**Activity**. Exactly reproduce the lines of the listing below from the one containing "Bring the sparkle" through the one containing "Damska kurtka pikowana". Skip the images.

**Material to process**.
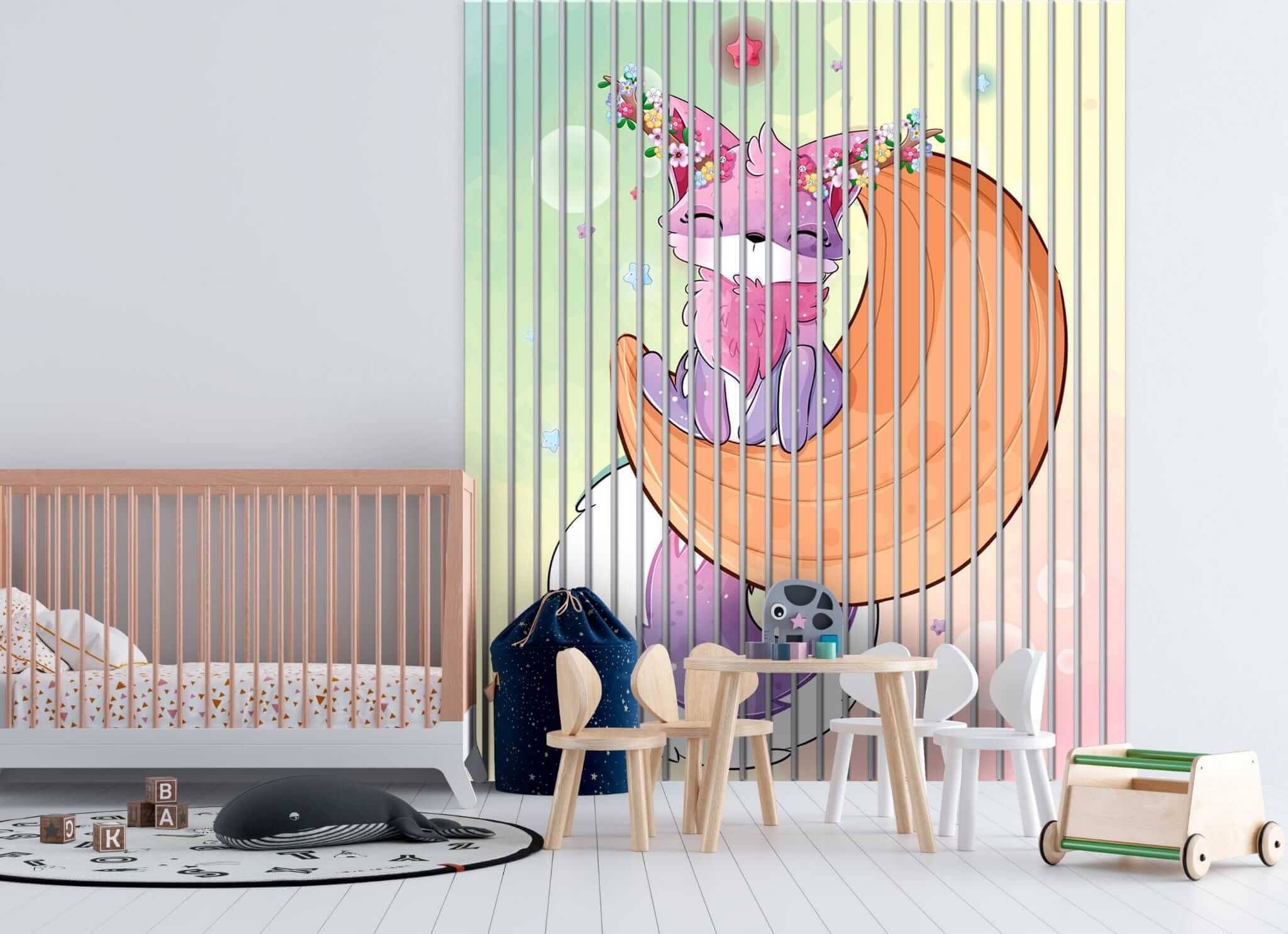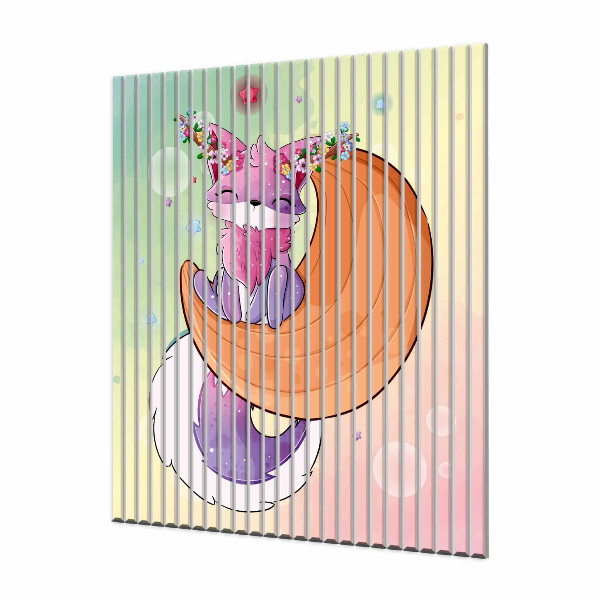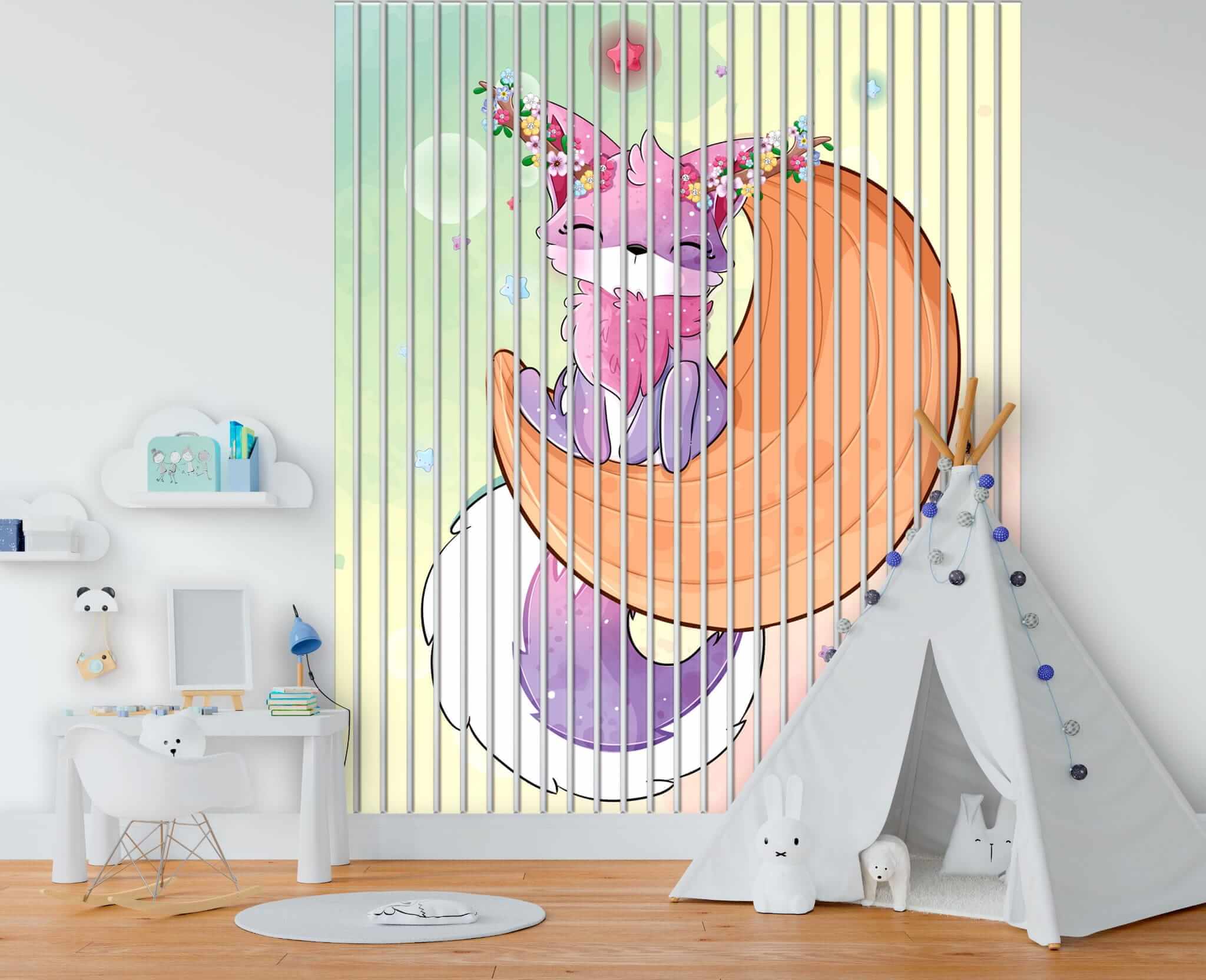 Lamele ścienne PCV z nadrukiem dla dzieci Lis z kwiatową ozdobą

---

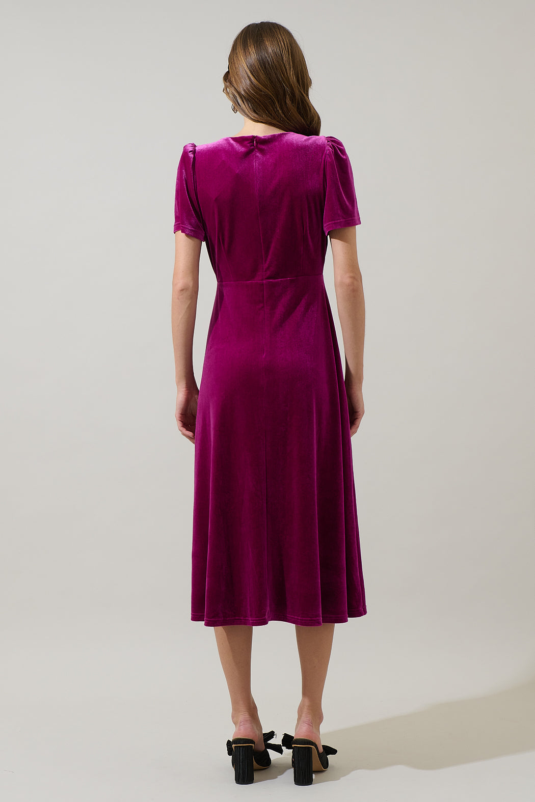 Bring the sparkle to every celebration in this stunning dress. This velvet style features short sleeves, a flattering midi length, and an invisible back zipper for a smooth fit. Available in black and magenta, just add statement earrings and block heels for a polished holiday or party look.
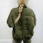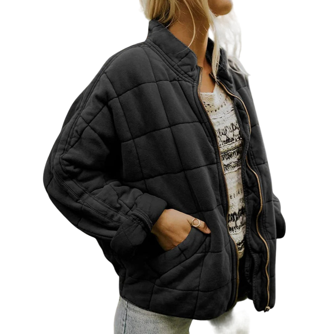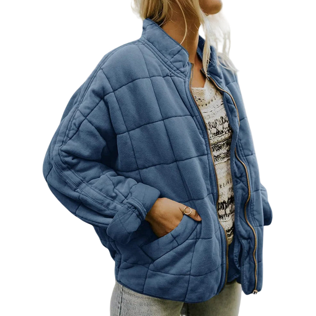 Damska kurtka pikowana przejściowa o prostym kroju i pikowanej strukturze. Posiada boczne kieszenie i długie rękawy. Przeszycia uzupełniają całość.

...

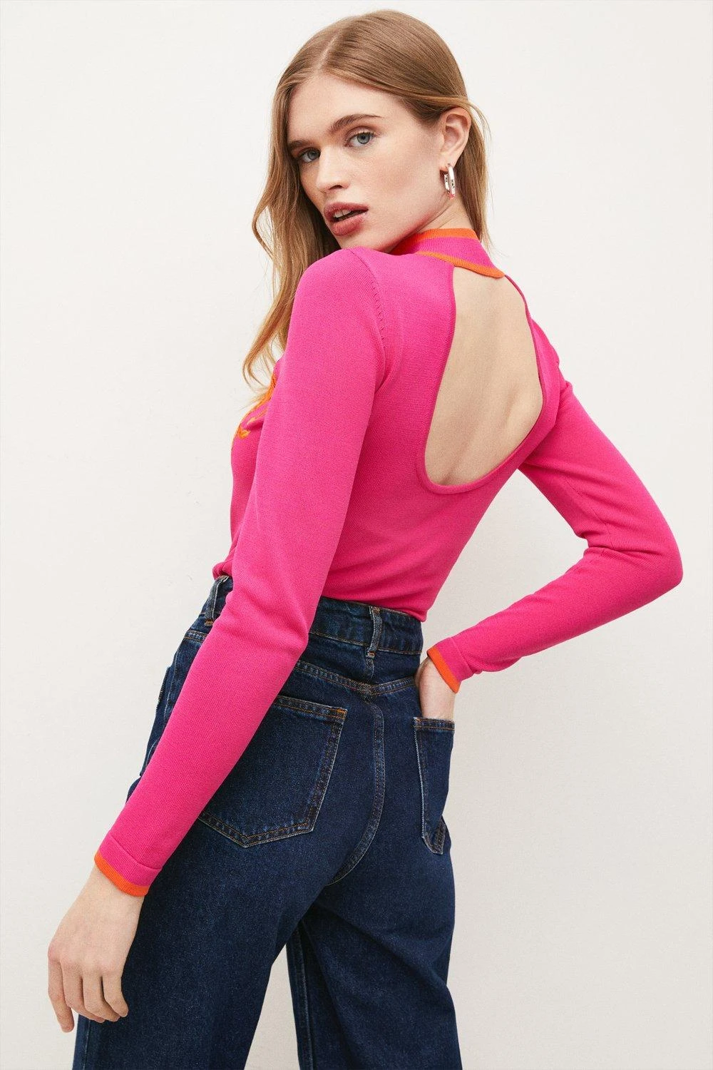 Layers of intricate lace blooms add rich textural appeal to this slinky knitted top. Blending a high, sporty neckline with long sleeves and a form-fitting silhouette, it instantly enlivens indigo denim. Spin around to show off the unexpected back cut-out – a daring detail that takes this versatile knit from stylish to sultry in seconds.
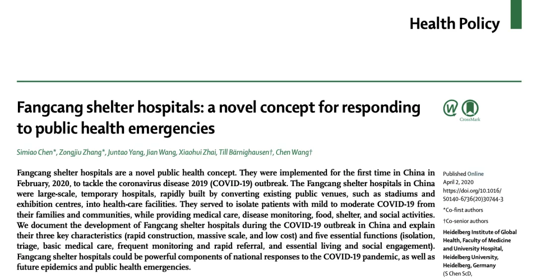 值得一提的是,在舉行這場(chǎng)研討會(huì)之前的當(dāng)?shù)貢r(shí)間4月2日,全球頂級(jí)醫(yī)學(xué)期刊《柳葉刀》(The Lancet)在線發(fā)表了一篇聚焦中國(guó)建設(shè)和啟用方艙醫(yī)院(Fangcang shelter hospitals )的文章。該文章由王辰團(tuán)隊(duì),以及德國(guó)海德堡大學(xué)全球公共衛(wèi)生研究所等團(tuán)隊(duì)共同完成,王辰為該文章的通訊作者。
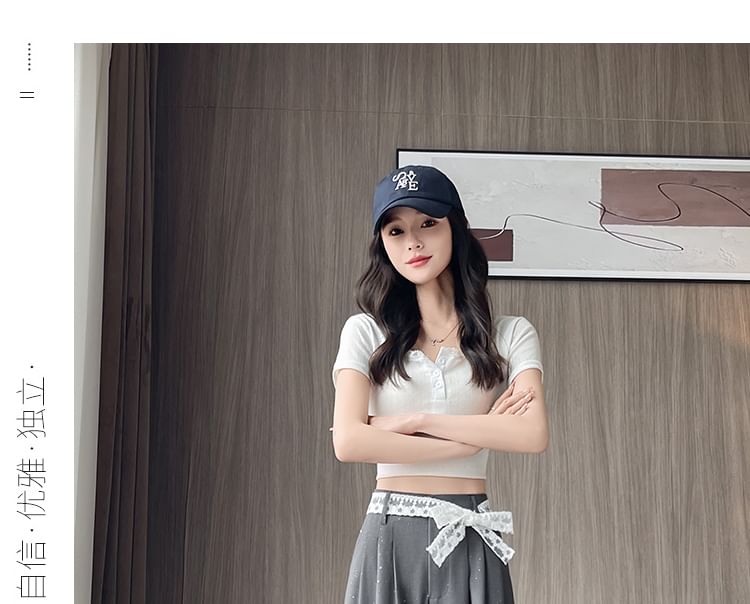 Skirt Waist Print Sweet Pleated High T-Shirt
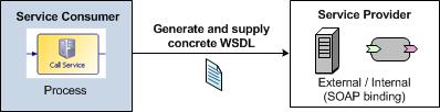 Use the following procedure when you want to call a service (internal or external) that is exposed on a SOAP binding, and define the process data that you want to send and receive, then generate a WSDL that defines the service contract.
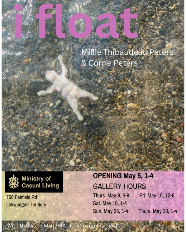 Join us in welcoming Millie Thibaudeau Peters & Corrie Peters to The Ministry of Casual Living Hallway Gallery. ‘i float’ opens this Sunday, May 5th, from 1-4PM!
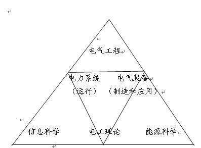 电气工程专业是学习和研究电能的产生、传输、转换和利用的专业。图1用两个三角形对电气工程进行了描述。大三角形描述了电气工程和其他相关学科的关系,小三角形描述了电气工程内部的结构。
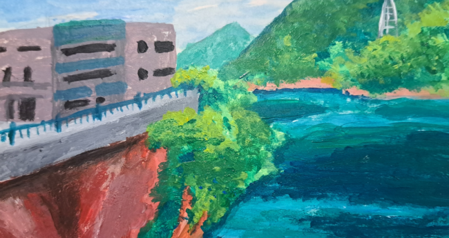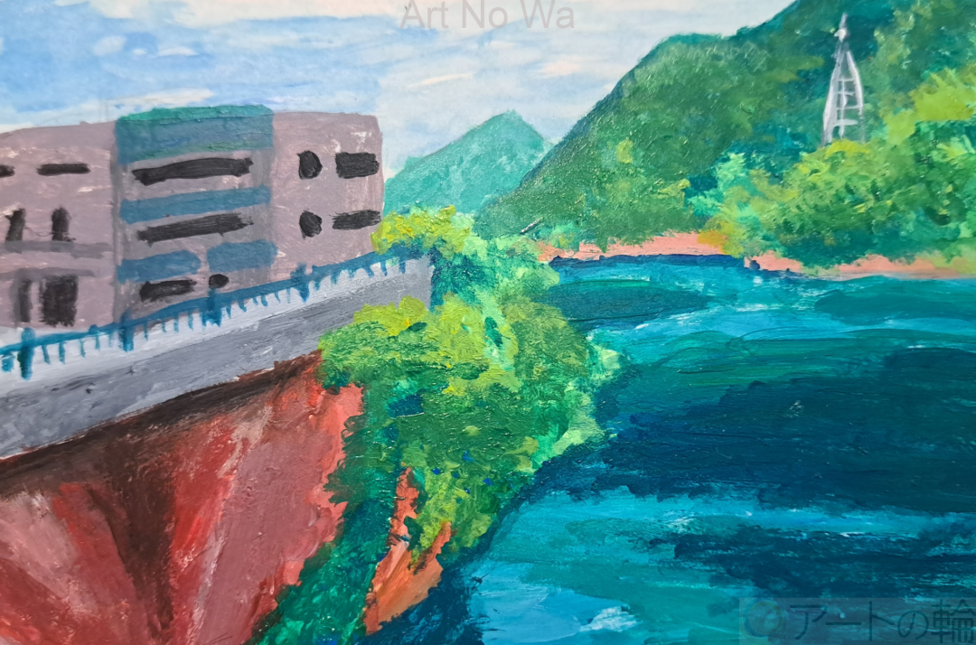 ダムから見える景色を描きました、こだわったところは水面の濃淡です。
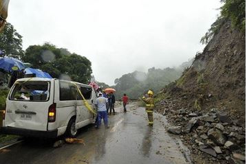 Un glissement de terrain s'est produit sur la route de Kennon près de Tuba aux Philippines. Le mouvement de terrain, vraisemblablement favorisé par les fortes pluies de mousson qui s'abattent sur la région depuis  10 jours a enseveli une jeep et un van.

**Result**.
 Bring the sparkle to every celebration in this stunning dress. This velvet style features short sleeves, a flattering midi length, and an invisible back zipper for a smooth fit. Available in black and magenta, just add statement earrings and block heels for a polished holiday or party look.
 Damska kurtka pikowana przejściowa o prostym kroju i pikowanej strukturze. Posiada boczne kieszenie i długie rękawy. Przeszycia uzupełniają całość.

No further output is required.